Мой уважаемый клиент! Отойдите, не скрипнув половицей, слегка в сторону. Не спугните их. Посмотрим на это с расстояния от Москвы до самых до окраин. Помчим мысленно на север и юг сквозь дальний и ближний угол нашего зрения. Призадумаемся. Не кажется ли вам, что петух прокукарекал? Или собака лает? Да и человек – существо слабое и легко возбудимое – не способен ли в состоянии творческой эйфории перепутать нравственные ориентиры? Не так ли, увлекаясь, уклоняются от красной линии гениальные сумасброды – поэты, режиссёры, композиторы… – интригующие, заманивающие и заблуждающие нас, – тьмы и тьмы, и тьмы… еще более неустойчивые и заинтригованные массы? Не в восхищении ли мы от этой одурманивающей игры – до поры, до ошеломительной кульминации, до шока… Как это напоминает историю с рязанской коровой… вы помните? «мочой… в салонный зал»?

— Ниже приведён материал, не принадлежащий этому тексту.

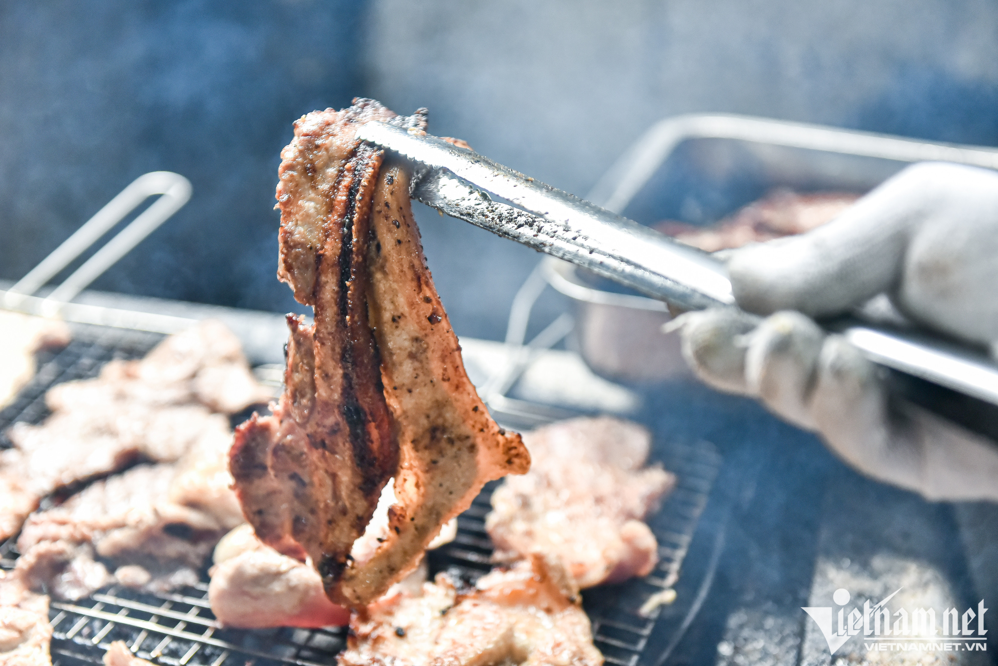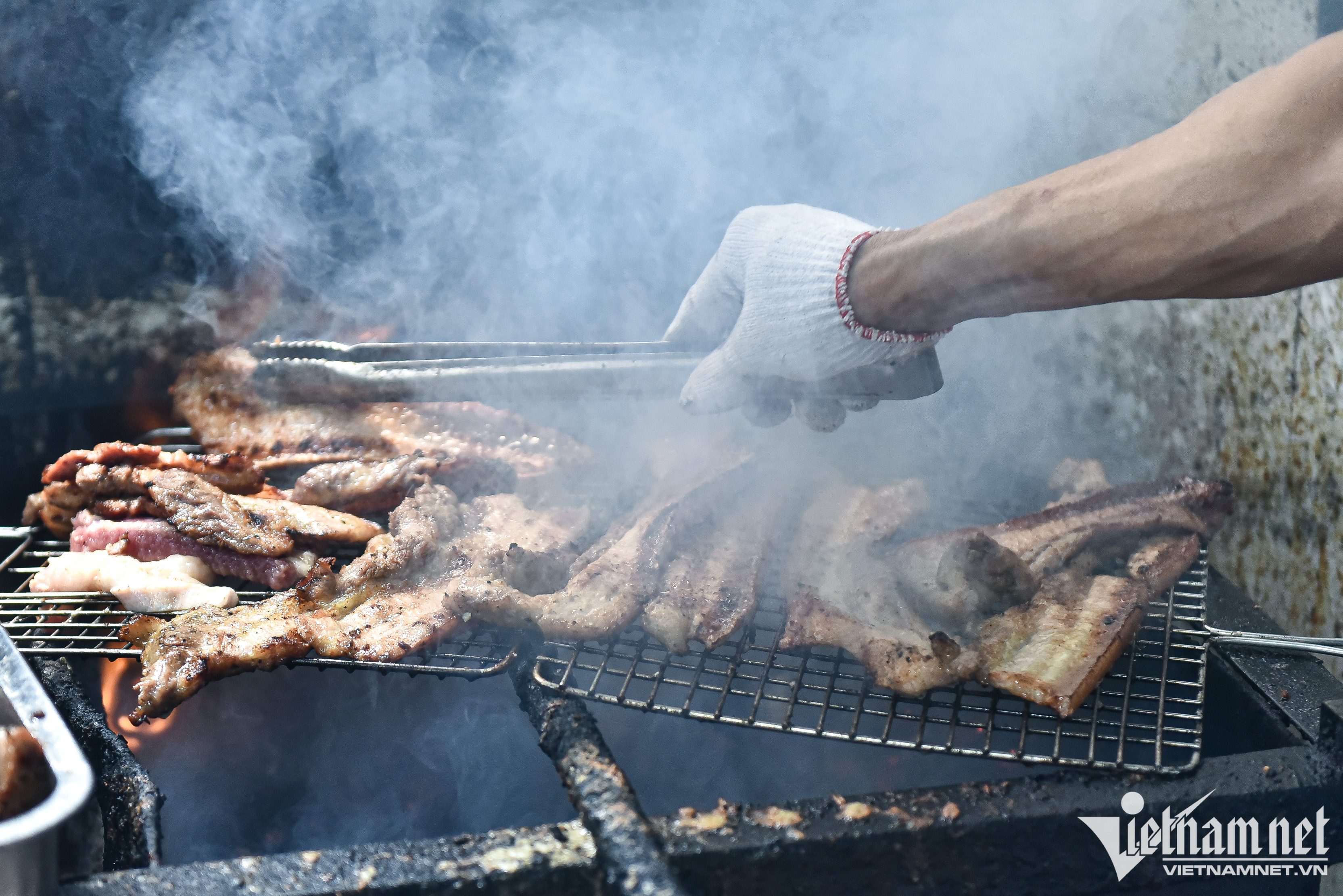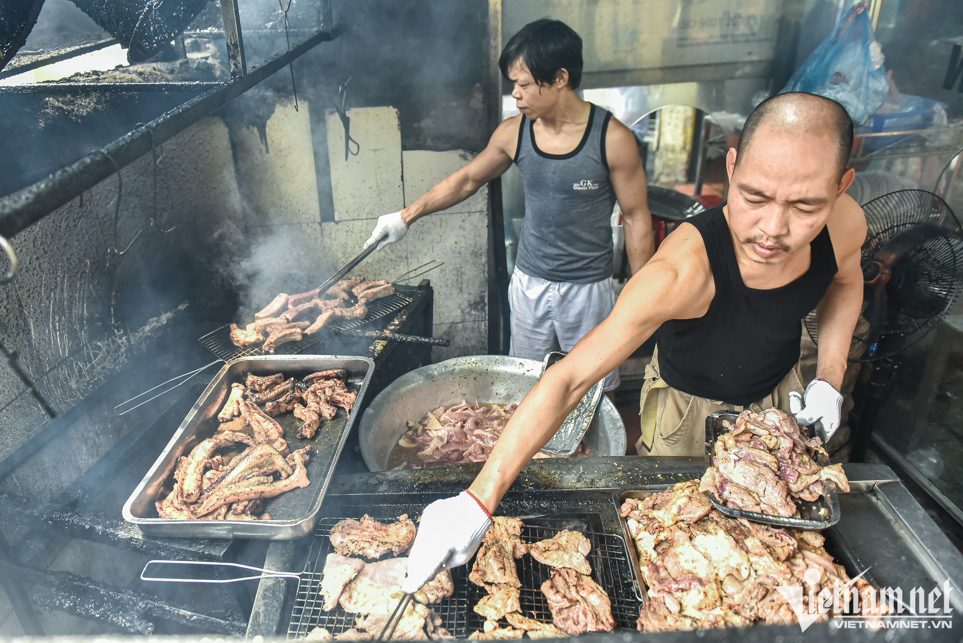 Khu vực nướng thịt của quán lúc nào cũng nghi ngút khói. Thịt, sườn nướng tới đâu, bán tới đó, chủ quán không nướng sớm khiến miếng thịt bị khô. Anh Toàn trực tiếp đứng bếp bởi theo anh: "Công đoạn này rất quan trọng, mình phải căn nhiệt độ vừa đủ để miếng thịt chín đều, vàng màu cánh gián, nhưng không bị cháy. Nhà tôi đến nay vẫn dùng than thay vì nướng máy"

Сергей Варламович Лопшаков ушел с половины семинара, оставив Шкалика Шкаратина на площади, наедине с разношёрстной публикой и в недоумении – до конца занятий.

Да и много позднее Шкалик Шкаратин так и не мог взять в толк: а что это было? Куда его понесло? Какой силой?..

Глава XI. Оплеухи

Всем нам улыбается смерть. Мы лишь можем улыбнуться ей в ответ.

Mussolini

В Решоты Цывкин попал, как резвящийся соболь в силок. Но случилось это не в тот злополучный день, когда «стажировал» напарника. И не только за дэтэпэ на своём обжитом до последней гайки МАЗе. И не в привычном статусе шофера великой стройки БАМ.

Его обвинили в нескольких статьях УК, судили и приговорили к четырем годам колонии. При смягчающих обстоятельствах: такие, к его изумлению, нашлись. Одним словом, повезло.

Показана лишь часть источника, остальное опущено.